Cualquier montevideano que camine hoy por el Centro o que intente esquivar los cráteres que decoran las calles de Pocitos sabe lo mismo que dicen las encuestas: la administración de Mario Bergara está en caída libre. No es una cuestión de «sensación térmica», como suelen decir los políticos cuando no quieren admitir el desastre; es una realidad que se siente en la suela del zapato cada vez que uno pisa un charco de agua estancada o en el bolsillo cuando llega el recibo de una contribución inmobiliaria que parece pensada para una ciudad de primer mundo, pero que nos devuelve servicios de una de cuarta.
Factum y Equipos Consultores coinciden en un diagnóstico que debería quitarle el sueño a cualquier gestor: la desaprobación trepa hasta el 52% en algunas mediciones. Para Mario Bergara, el intendente que prometió modernidad, la realidad le está devolviendo una postal de estancamiento.
La ciudad que se cae a pedazos
El problema de fondo es la desconexión total entre lo que se predica en la calle Soriano y lo que realmente pasa en las esquinas del barrio. Montevideo está, sencillamente, tapada de basura. Los contenedores desbordados no son solo una falta de recolección; son el símbolo máximo de una intendencia que perdió el norte. Mientras tanto, el dinero de los contribuyentes sigue fluyendo hacia agujeros negros presupuestales.
Un ejemplo que ya indigna hasta al más paciente es Tv Ciudad. Diez millones de dólares anuales destinados a financiar lo que, en la práctica, funciona como el brazo propagandístico del Frente Amplio. ¿Es esa la prioridad cuando las calles son una trampa mortal para los vehículos? La respuesta parece obvia para los vecinos, pero no para un equipo de gobierno que prefiere la estética de un estudio de televisión a la eficacia de una cuadrilla de bacheo.
La burbuja política de Bergara
Lo más curioso —y a la vez irritante— es ver cómo el intendente intenta blindarse en su burbuja. Mientras el 80% de los votantes que no pertenecen a su fuerza política rechazan su gestión, él sigue apelando a un núcleo duro que cada vez es más estrecho.

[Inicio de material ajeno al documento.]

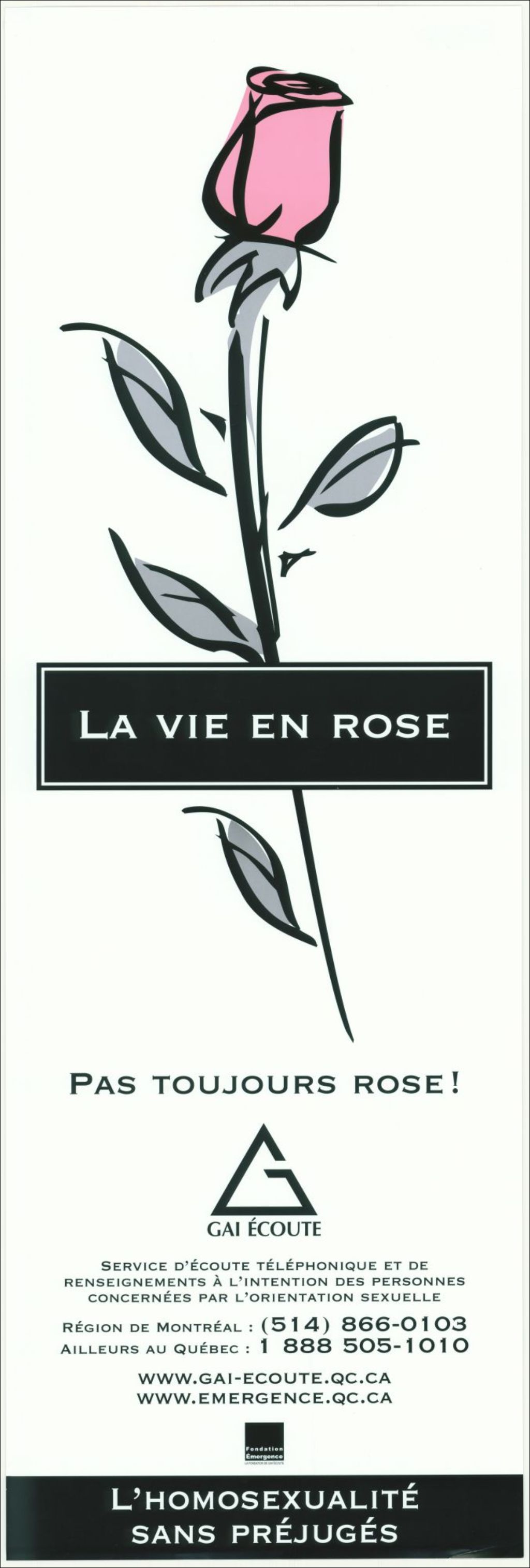 La vie en rose, pas toujours rose! l'homosexualité sans préjugés : service d'écoute téléphonique et de renseignements...

La «neutralidad» de sus votantes frente a los problemas cotidianos es el último refugio de un proyecto que se quedó sin ideas.
Es un año de gestión. Un año perdido donde la improvisación fue el sello. Y lo peor es que faltan cuatro años más. Si la hoja de ruta es seguir apostando a la propaganda en lugar de la infraestructura básica, el desplome en las encuestas no será más que el preludio de un final anunciado para una administración que nunca terminó de arrancar.
¿Hasta cuándo la paciencia de los montevideanos?
El montevideano es un tipo paciente, que tolera el aumento de impuestos y la falta de servicios básicos con una resiliencia casi suicida. Pero esa paciencia tiene un límite, y los números lo están marcando con una precisión quirúrgica. Mario Bergara no puede seguir gobernando para la tribuna ni escudándose en el relato. La gestión municipal no es un ejercicio de comunicación pública; es recoger la basura, arreglar las calles y administrar los recursos con criterio, algo que hoy brilla por su ausencia.
La ciudad no necesita otro canal de televisión, necesita un plan de obras urgente. No necesita más discursos sobre el modelo, necesita que el vecino pueda llegar a su casa sin romper la suspensión del auto. La gestión Bergara no solo está en terreno negativo; está en un terreno de absoluta inacción. Y en política, como en la vida, la inacción termina costando caro. Muy caro.